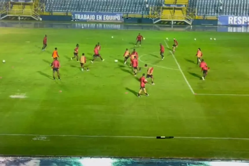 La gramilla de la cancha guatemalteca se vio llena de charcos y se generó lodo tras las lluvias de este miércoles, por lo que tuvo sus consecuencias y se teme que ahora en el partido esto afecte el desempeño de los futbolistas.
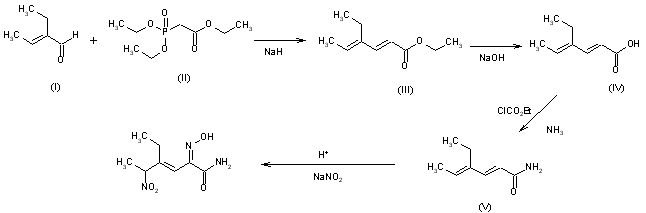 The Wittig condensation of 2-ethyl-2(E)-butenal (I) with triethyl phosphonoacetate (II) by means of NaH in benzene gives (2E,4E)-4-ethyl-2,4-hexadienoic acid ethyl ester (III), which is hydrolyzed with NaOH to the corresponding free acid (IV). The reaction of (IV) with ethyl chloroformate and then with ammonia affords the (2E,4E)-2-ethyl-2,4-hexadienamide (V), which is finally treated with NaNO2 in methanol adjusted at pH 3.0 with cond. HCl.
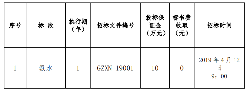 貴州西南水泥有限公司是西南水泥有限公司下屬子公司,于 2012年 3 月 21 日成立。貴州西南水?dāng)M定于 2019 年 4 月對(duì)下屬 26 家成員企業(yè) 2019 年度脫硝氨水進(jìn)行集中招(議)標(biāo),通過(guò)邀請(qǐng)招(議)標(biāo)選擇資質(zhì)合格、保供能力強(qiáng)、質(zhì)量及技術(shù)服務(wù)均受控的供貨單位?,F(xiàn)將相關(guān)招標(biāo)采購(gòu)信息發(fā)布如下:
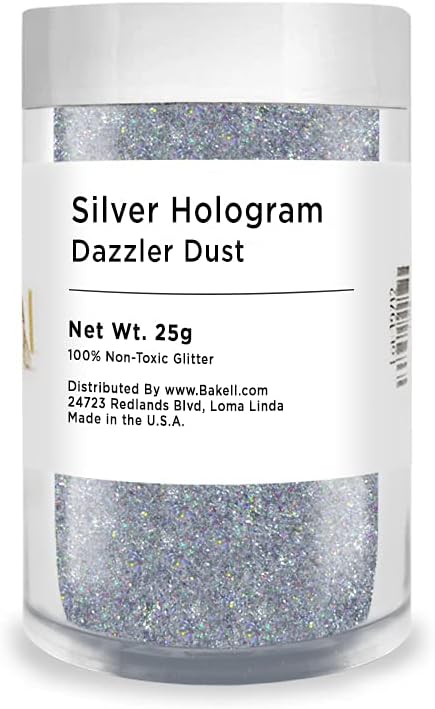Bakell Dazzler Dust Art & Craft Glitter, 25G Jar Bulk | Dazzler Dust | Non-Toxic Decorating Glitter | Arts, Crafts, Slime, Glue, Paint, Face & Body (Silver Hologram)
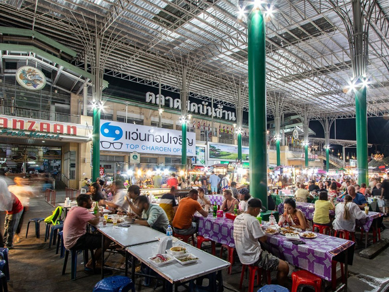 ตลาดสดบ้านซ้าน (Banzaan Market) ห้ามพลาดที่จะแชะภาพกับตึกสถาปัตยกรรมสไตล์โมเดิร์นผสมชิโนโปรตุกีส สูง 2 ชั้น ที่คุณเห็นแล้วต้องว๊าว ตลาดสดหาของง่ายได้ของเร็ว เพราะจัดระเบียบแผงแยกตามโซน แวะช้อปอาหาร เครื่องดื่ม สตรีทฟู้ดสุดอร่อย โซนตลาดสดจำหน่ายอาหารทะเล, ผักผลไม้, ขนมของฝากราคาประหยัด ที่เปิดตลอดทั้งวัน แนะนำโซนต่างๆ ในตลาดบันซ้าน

---

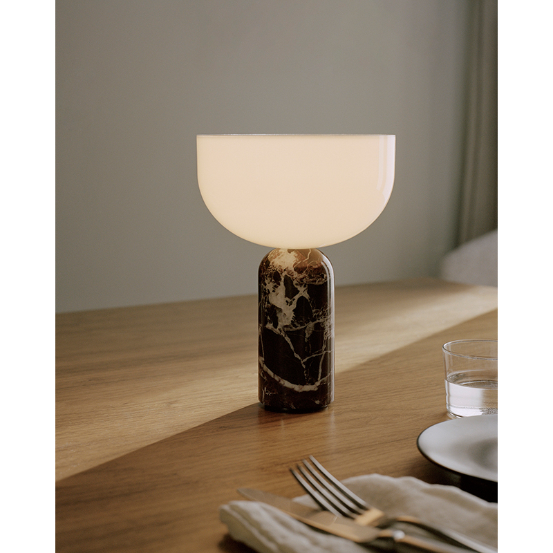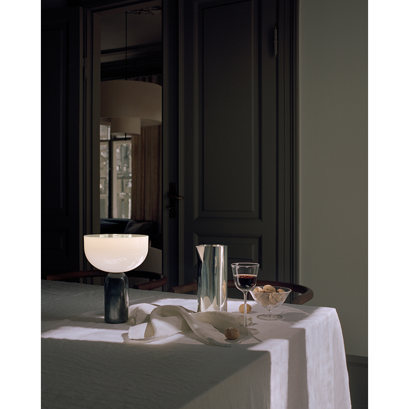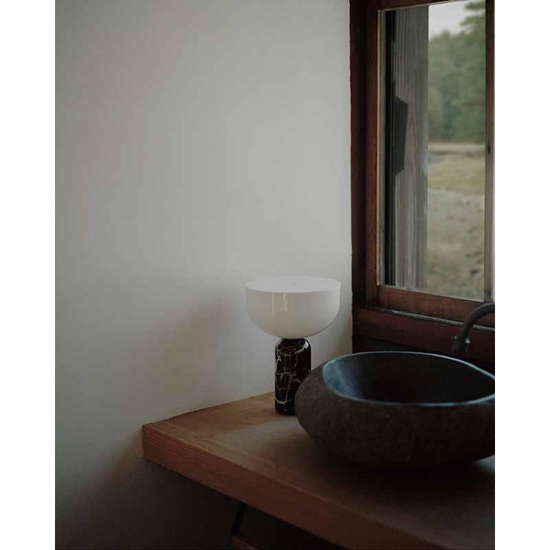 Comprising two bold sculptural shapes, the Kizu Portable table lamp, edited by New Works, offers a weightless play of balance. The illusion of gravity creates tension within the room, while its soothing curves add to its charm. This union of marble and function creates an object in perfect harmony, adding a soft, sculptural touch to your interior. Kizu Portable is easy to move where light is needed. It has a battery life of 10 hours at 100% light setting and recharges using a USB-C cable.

*EXERCISE DETAILS*.
Each line from the one that contains "Bakell Dazzler Dust" down to the one that contains "ตลาดสดบ้านซ้าน (Banzaan Market)" is to be returned exactly as it stands above, both ends included, with pictures removed.

*SOLUTION TO THE PROBLEM*.
Bakell Dazzler Dust Art & Craft Glitter, 25G Jar Bulk | Dazzler Dust | Non-Toxic Decorating Glitter | Arts, Crafts, Slime, Glue, Paint, Face & Body (Silver Hologram)
 ตลาดสดบ้านซ้าน (Banzaan Market) ห้ามพลาดที่จะแชะภาพกับตึกสถาปัตยกรรมสไตล์โมเดิร์นผสมชิโนโปรตุกีส สูง 2 ชั้น ที่คุณเห็นแล้วต้องว๊าว ตลาดสดหาของง่ายได้ของเร็ว เพราะจัดระเบียบแผงแยกตามโซน แวะช้อปอาหาร เครื่องดื่ม สตรีทฟู้ดสุดอร่อย โซนตลาดสดจำหน่ายอาหารทะเล, ผักผลไม้, ขนมของฝากราคาประหยัด ที่เปิดตลอดทั้งวัน แนะนำโซนต่างๆ ในตลาดบันซ้าน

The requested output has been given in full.